Please print the full listing below exactly, but not the pictures in it.

--------------------

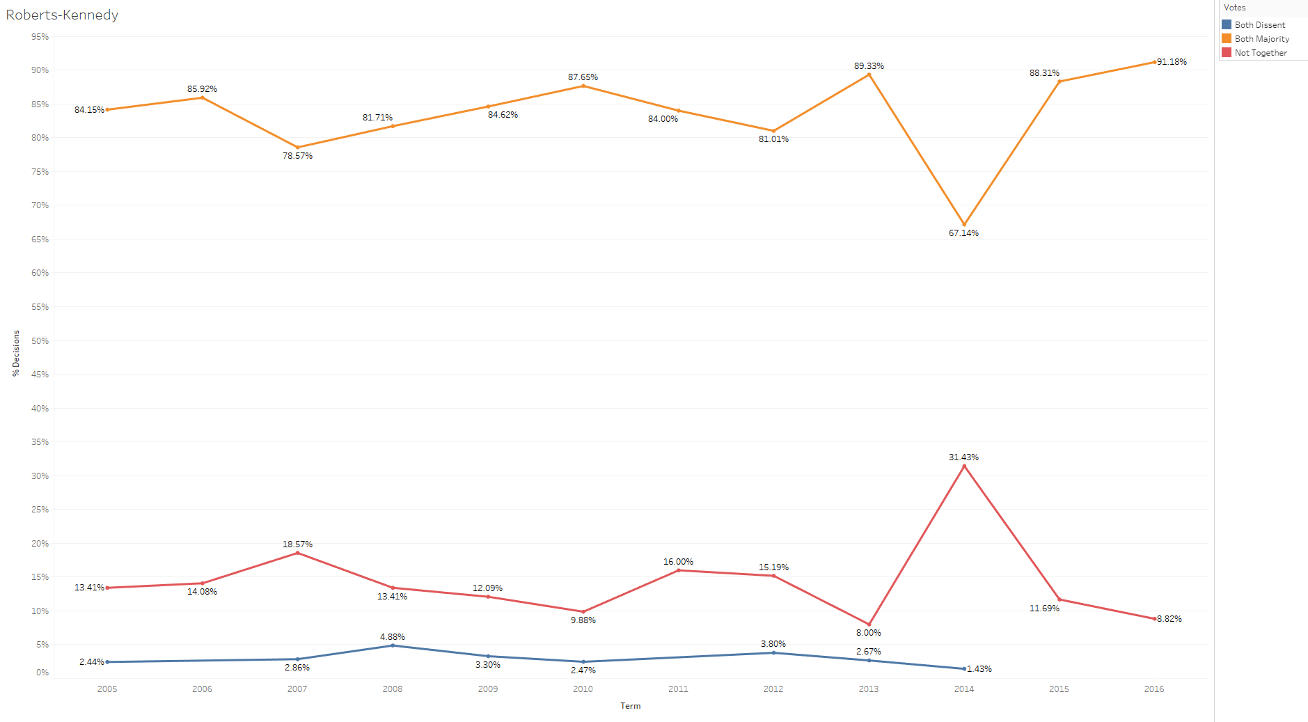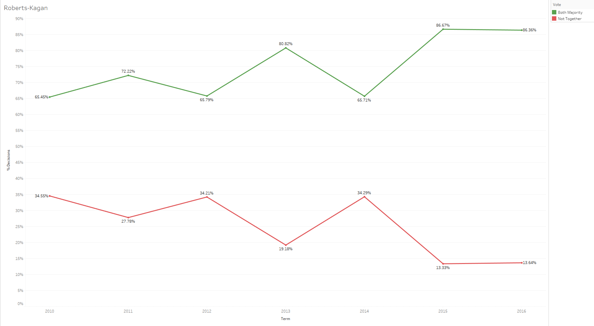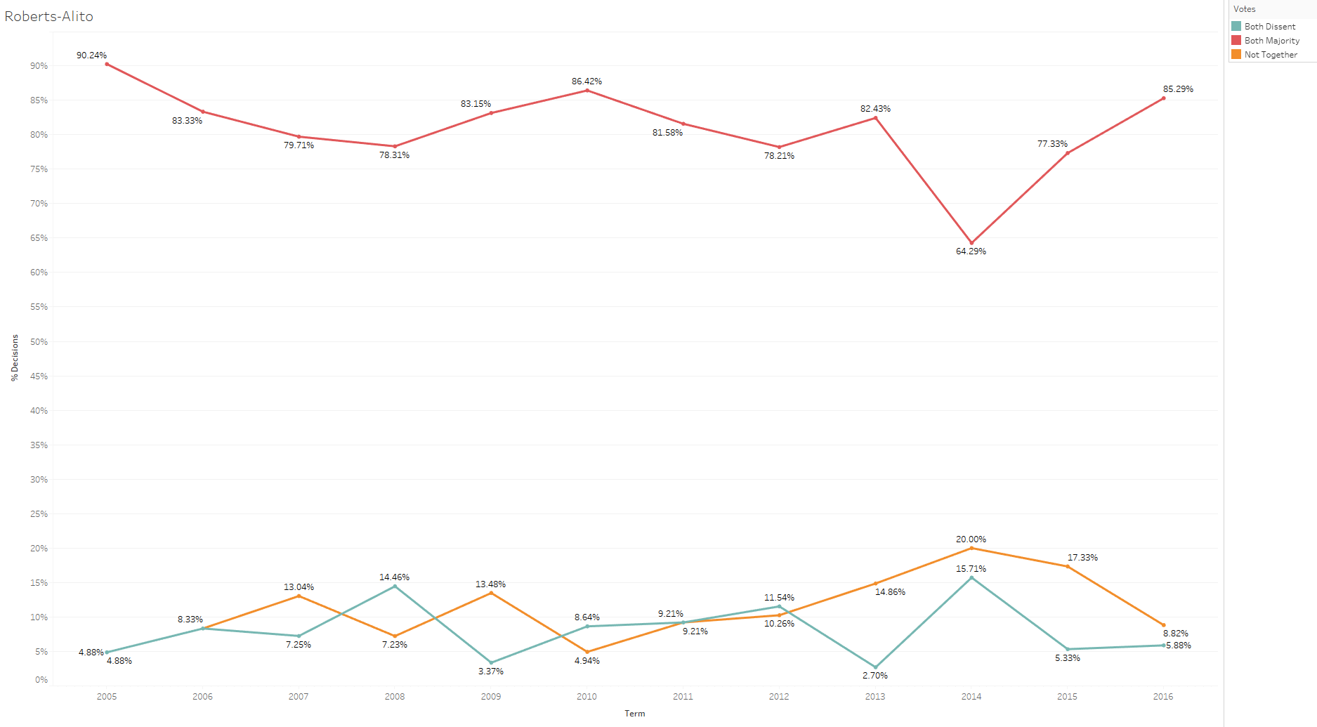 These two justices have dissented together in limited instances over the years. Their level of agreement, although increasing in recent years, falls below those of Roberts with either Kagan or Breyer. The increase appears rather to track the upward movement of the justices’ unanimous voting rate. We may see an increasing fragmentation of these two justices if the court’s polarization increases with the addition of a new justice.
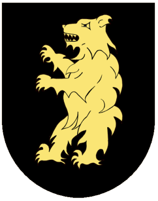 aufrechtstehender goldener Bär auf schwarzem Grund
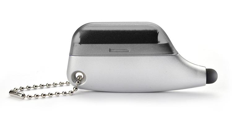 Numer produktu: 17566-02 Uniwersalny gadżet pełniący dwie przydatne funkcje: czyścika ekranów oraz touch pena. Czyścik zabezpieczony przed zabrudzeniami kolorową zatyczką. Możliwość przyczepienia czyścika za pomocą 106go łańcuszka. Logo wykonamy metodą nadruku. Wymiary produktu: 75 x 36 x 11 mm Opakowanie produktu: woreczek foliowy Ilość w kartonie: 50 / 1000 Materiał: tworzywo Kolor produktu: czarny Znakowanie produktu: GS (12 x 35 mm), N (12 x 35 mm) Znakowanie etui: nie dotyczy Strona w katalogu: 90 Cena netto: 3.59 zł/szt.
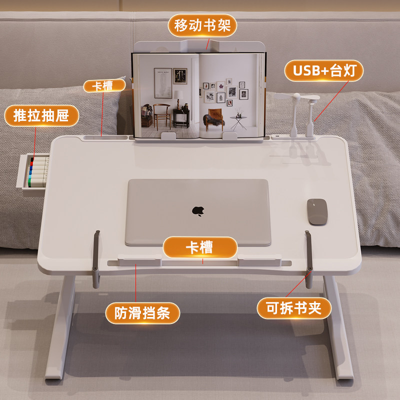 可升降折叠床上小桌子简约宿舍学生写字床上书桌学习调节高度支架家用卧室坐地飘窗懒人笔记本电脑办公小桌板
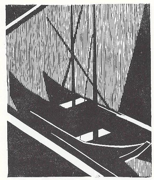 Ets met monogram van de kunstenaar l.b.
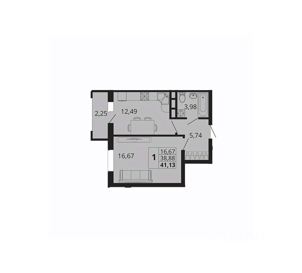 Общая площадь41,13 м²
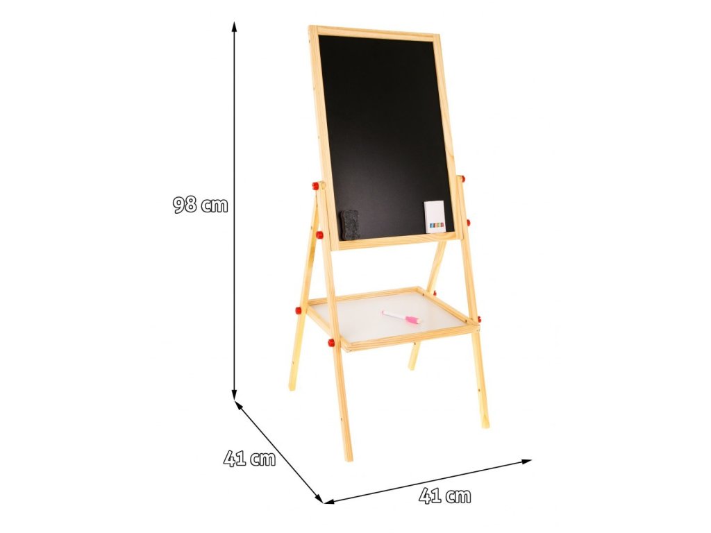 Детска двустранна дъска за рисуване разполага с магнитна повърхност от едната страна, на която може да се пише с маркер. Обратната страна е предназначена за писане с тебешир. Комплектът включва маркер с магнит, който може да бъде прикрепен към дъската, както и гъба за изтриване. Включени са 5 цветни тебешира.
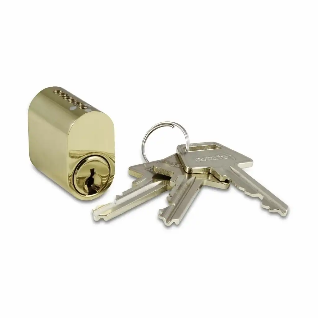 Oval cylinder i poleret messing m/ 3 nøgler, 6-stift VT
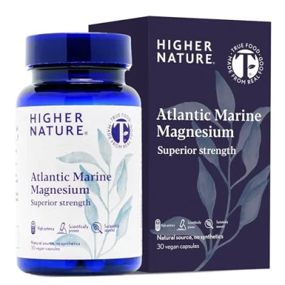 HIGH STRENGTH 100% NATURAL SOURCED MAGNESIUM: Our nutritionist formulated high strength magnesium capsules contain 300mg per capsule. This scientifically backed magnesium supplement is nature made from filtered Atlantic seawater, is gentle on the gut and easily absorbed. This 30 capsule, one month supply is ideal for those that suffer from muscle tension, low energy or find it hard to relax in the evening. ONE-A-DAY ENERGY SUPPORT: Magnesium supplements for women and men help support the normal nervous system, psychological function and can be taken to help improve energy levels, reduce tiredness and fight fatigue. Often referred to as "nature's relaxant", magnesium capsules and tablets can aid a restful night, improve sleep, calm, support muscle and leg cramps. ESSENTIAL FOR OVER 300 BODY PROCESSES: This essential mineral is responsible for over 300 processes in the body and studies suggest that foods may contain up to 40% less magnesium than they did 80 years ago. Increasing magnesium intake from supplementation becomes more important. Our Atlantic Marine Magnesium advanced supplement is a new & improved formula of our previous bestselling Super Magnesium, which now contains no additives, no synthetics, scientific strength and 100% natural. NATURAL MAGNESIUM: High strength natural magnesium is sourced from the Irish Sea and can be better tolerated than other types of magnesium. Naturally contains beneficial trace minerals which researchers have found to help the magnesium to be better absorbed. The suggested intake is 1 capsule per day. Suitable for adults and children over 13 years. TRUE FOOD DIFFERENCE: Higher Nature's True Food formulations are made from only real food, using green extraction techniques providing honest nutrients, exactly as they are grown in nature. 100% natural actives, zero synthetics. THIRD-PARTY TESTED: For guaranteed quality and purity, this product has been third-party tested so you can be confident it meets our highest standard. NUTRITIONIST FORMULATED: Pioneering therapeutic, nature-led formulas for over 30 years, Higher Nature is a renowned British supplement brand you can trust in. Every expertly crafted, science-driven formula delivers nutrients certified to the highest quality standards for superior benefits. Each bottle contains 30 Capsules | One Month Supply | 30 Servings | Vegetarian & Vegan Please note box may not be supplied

--------------------

Exercise response ->
 These two justices have dissented together in limited instances over the years. Their level of agreement, although increasing in recent years, falls below those of Roberts with either Kagan or Breyer. The increase appears rather to track the upward movement of the justices’ unanimous voting rate. We may see an increasing fragmentation of these two justices if the court’s polarization increases with the addition of a new justice.
 aufrechtstehender goldener Bär auf schwarzem Grund
 Numer produktu: 17566-02 Uniwersalny gadżet pełniący dwie przydatne funkcje: czyścika ekranów oraz touch pena. Czyścik zabezpieczony przed zabrudzeniami kolorową zatyczką. Możliwość przyczepienia czyścika za pomocą 106go łańcuszka. Logo wykonamy metodą nadruku. Wymiary produktu: 75 x 36 x 11 mm Opakowanie produktu: woreczek foliowy Ilość w kartonie: 50 / 1000 Materiał: tworzywo Kolor produktu: czarny Znakowanie produktu: GS (12 x 35 mm), N (12 x 35 mm) Znakowanie etui: nie dotyczy Strona w katalogu: 90 Cena netto: 3.59 zł/szt.
 可升降折叠床上小桌子简约宿舍学生写字床上书桌学习调节高度支架家用卧室坐地飘窗懒人笔记本电脑办公小桌板
 Ets met monogram van de kunstenaar l.b.
 Общая площадь41,13 м²
 Детска двустранна дъска за рисуване разполага с магнитна повърхност от едната страна, на която може да се пише с маркер. Обратната страна е предназначена за писане с тебешир. Комплектът включва маркер с магнит, който може да бъде прикрепен към дъската, както и гъба за изтриване. Включени са 5 цветни тебешира.
 Oval cylinder i poleret messing m/ 3 nøgler, 6-stift VT
 HIGH STRENGTH 100% NATURAL SOURCED MAGNESIUM: Our nutritionist formulated high strength magnesium capsules contain 300mg per capsule. This scientifically backed magnesium supplement is nature made from filtered Atlantic seawater, is gentle on the gut and easily absorbed. This 30 capsule, one month supply is ideal for those that suffer from muscle tension, low energy or find it hard to relax in the evening. ONE-A-DAY ENERGY SUPPORT: Magnesium supplements for women and men help support the normal nervous system, psychological function and can be taken to help improve energy levels, reduce tiredness and fight fatigue. Often referred to as "nature's relaxant", magnesium capsules and tablets can aid a restful night, improve sleep, calm, support muscle and leg cramps. ESSENTIAL FOR OVER 300 BODY PROCESSES: This essential mineral is responsible for over 300 processes in the body and studies suggest that foods may contain up to 40% less magnesium than they did 80 years ago. Increasing magnesium intake from supplementation becomes more important. Our Atlantic Marine Magnesium advanced supplement is a new & improved formula of our previous bestselling Super Magnesium, which now contains no additives, no synthetics, scientific strength and 100% natural. NATURAL MAGNESIUM: High strength natural magnesium is sourced from the Irish Sea and can be better tolerated than other types of magnesium. Naturally contains beneficial trace minerals which researchers have found to help the magnesium to be better absorbed. The suggested intake is 1 capsule per day. Suitable for adults and children over 13 years. TRUE FOOD DIFFERENCE: Higher Nature's True Food formulations are made from only real food, using green extraction techniques providing honest nutrients, exactly as they are grown in nature. 100% natural actives, zero synthetics. THIRD-PARTY TESTED: For guaranteed quality and purity, this product has been third-party tested so you can be confident it meets our highest standard. NUTRITIONIST FORMULATED: Pioneering therapeutic, nature-led formulas for over 30 years, Higher Nature is a renowned British supplement brand you can trust in. Every expertly crafted, science-driven formula delivers nutrients certified to the highest quality standards for superior benefits. Each bottle contains 30 Capsules | One Month Supply | 30 Servings | Vegetarian & Vegan Please note box may not be supplied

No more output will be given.